Rumors were flying last week about the possibility of HP acquiring Mercury Interactive and yesterday those rumors proved to be true when HP laid out $4.5b in cash for the troubled company.
Mercury was delisted from the Nasdaq earlier this year after failing to file quarterly results within deadlines, which made it one of a handful of companies that were the topic of water-cooler gossip in the tech industry earlier this year.

That was just days before Mercury announced the acquisition of SOA governance vendor Systinet in a move that confounded many a SOA pundit.

HP's acquisition of Mercury, however, makes some amount of sense.
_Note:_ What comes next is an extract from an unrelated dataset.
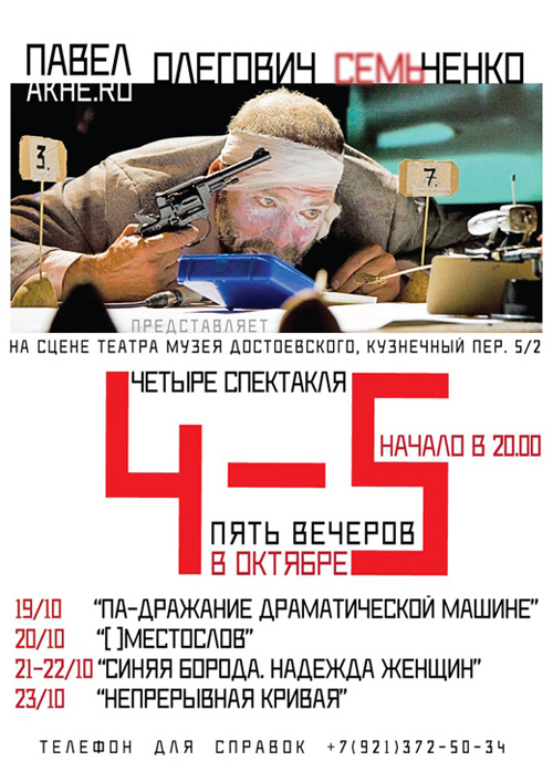 Эти работы созданы за 7 последних лет. В разных составах в них участвуют четверо: Алиса Олейник, Владимир Волков, Максим Диденко и Павел Семченко. На протяжении пяти вечеров в театре музея Ф. М. Достоевского публике будут представлены четыре театральные работы:

HP's network and system management suite, HP OpenView, has long been one of the software juggernauts of the industry - an enterprise standard, if you will - and the addition of Systinet and Mercury's IT Governance Center PPM, which was bolstered by its 2003 acquisition of PPM vendor Kintana, will only serve to complete its management and governance story.

ITPM (IT portfolio management) has been gaining traction as the SOA governance market gains mindshare, primarily because of the synergy existing between the two in terms of ability to measure effectiveness of reuse and associate that reuse with specific projects - a necessity in the PPM market for determining alignment with business and managing budgetary concerns. The ability to integrate SOA governance into a wider PPM - as we assumed was the plan when Mercury acquired Systinet in January - will no doubt be bolstered by HP's already strong system and network management capabilities.

Compuware (acquired Changepoint in 2004) and CA (acquired Niku in 2005) have already integrated their ITPM acquisitions into their wider application management portfolios, leaving HP a bit out in the cold. HP's acquisition of Mercury gives HP the opportunity to play more firmly in this space and move into the wider world of SOA - bringing SOA governance more completely into the fold of systems managed within an ITPM.